TRY IT. Retype the lines of the material below, exactly and only, from the one containing "3、锅内加油,油温六成热后,将腌制好的鱼" through the last line, with pictures left out.

PROVIDED DATA.
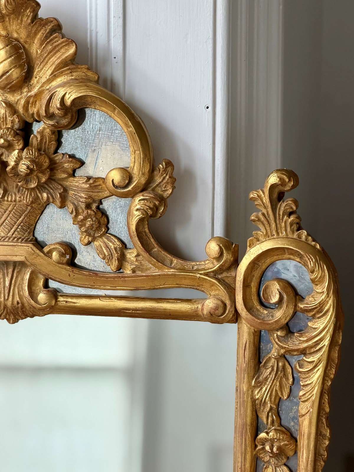 It has a huge amount of beautiful ornate floral and scroll detail. The crest is a floral basket and foliate shell.
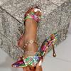 Mode Mode Flerfärgade Spetsiga Tofflor Kvinnor Sommar Sexiga Tunna Höga Klackar Tofflor Sandaler Kvinna Lyxdesigners Dam Pumps 2024
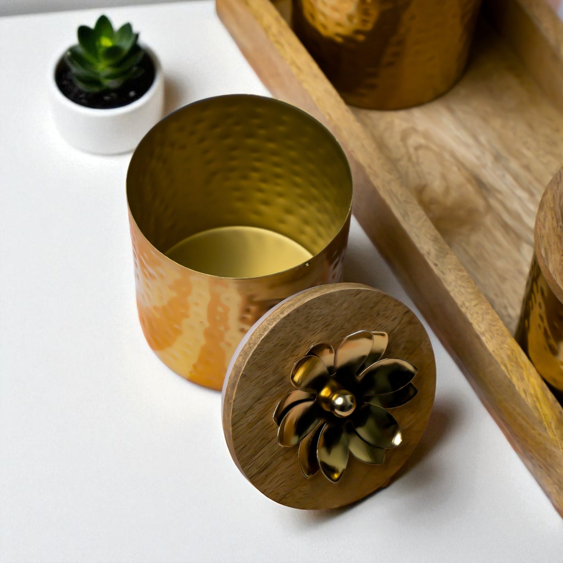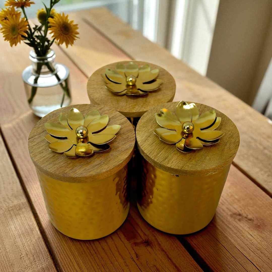 Add a touch of artisanal luxury to your home with the Golden Lotus Hammered Brass Storage Jar Set.
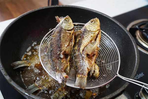 3、锅内加油,油温六成热后,将腌制好的鱼放入油炸,中小火炸8-10分钟,炸透,炸酥,气泡比较少时捞出控油,油温八成热后,复炸1分钟至酥脆捞出备用。
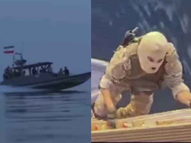 In the video released by Iranian authorities, armed personnel of the Islamic Revolutionary Guard Corps (IRGC) can be seen approaching the vessel in fast boats. Masked commandos are then seen boarding the ship using ropes and ladders, taking control of the deck, and detaining the crew.

RESPONSE TO THIS TASK.
 3、锅内加油,油温六成热后,将腌制好的鱼放入油炸,中小火炸8-10分钟,炸透,炸酥,气泡比较少时捞出控油,油温八成热后,复炸1分钟至酥脆捞出备用。
 In the video released by Iranian authorities, armed personnel of the Islamic Revolutionary Guard Corps (IRGC) can be seen approaching the vessel in fast boats. Masked commandos are then seen boarding the ship using ropes and ladders, taking control of the deck, and detaining the crew.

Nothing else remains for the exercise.